Завершив основную часть нудной процедуры переодевания, неуклюже залажу в скрадок. Хлюпая водой под неустойчивым настилом, обустраиваюсь. Рюкзак укладываю под ветки за спиной. Туда же кладу топор: всё должно быть под рукой, чтоб в потёмках при необходимости достать на ощупь.

Тщательно маскирую просветы со спины, с боков веточками - сламываю те, что мешают. Для тепла подстилаю кусок войлочной кошмы под попу, усаживаюсь. Сгибаю и разгибаю ноги, решая, куда их удобнее поставить. Оборудую место для ружья. Примеряюсь к стрельбе в разные участки лужи. Переплетаю веточками нижнюю часть скрадка, чтоб ноги в чёрных сапогах утки не видели. Они пугаются черного цвета. Раскладываю патроны в зависимости от номера дроби, - в темноте легко перепутать: на лужу может сесть и гусь, и чернеть, и чирок. Не будешь же чирка отстреливать нулёвкой. На него пятёрка – и та крупна, а «чёрную» и четвёркой не достать!.. – Хотя… «чёрная» ещё вряд ли идёт! Да разное случается!..

Натягиваю воротник свитера на нос, а шапку на лоб. Одни глаза остались. Кладу ружьё на колени, предварительно прикрыв их для тепла кошмой.- Вот теперь, действительно, – всё! Можно и немного отдохнуть, помечтать, поразмыслить, повоспоминать, подумать.Смотрю на Бимку, - он даже не пошелохнулся, пока я обустраивалась. Подтыкаю с боков клубка свою энцефалитку, которой укрыла щенка. Оставляю маленькое отверстие возле носика, чтоб свободно дышал. Бимка крепко спит, хотя на жёрдочках лежать неудобно: «Маленький тёплый комочек!.. - за два десятка километров от ближайшего села в неуютных сумерках таёжной глуши, в просторах топкого болота, где из людей сейчас лишь я, а из собак - один Бимка и ещё… - медведи, лоси, лисы, волки…».

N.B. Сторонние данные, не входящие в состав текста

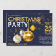 Invitación a la fiesta de Navidades adornados con purpurinas de oro azul moderno. Personalizar todos los campos de texto para darle un toque especial al evento.

Часть 9. Весенняя ночь на болоте

Тихо. Холодно. Зеркало лужи тускнеет, гаснет. Полоска заката спускается всё ближе к горизонту, утончается. Белая Луна и единичные блестящие звёзды на сумрачно-сером северном небе кажутся нереальными - нарисованными. Чёрно-бурое болото и… - ни одной утки, ни одного куличка!.. - всё пусто, безжизненно, неуютно. Пустотой пробирается в сознание ощущение одиночества посреди этой застывшей глуши.
Начинаю ощущать себя мелкой беззащитной букашкой, случайно забредшей в пугающие своим могуществом жёсткие владения Природы. С тоской всплывает мысль об оставленном доме, где тепло, где телевизор, где люди, где не километры болот и урманов, а уютные белые стены при мягкой тёплой постели. Пожалуй, лишь в такие минуты, оказавшись наедине с самим собой, в диких безграничных природных просторах, человек начинает понимать ценность привычного домашнего тепла, его защищающую уверенность и покой. - Иллюзорный на самом-то деле!..
Здесь отчётливо до понимания доходит наша хрупкость и ранимость, наше высокомерие, наше заблуждение, что мы – люди, - властители и боги на Земле. А в реальности- те же маленькие беззащитные дети, что щенок, который доверчиво спит, полагаясь на мою опеку и покровительство. Мы живём за счёт планеты, которую беспощадно сами разоряем и губим. –Что я тут делаю?!.. -Что опять притащило на край Вселенной?!.. - сидела б дома, как все нормальные женщины! Не женское дело – охота! Из мужиков-то, поодиночке редко кто охотится.…«Неужели утка пошла стороной?!.. Если лужа застынет, охоте не бывать! - утка на болото не пойдёт», - отгоняю грустные мысли. Достаю конфетку. Медленно разворачиваю фантик. Медленно разжёвываю леденец. Хруст мешает обострённому слуху. Кажется, что его слышно на всём болоте.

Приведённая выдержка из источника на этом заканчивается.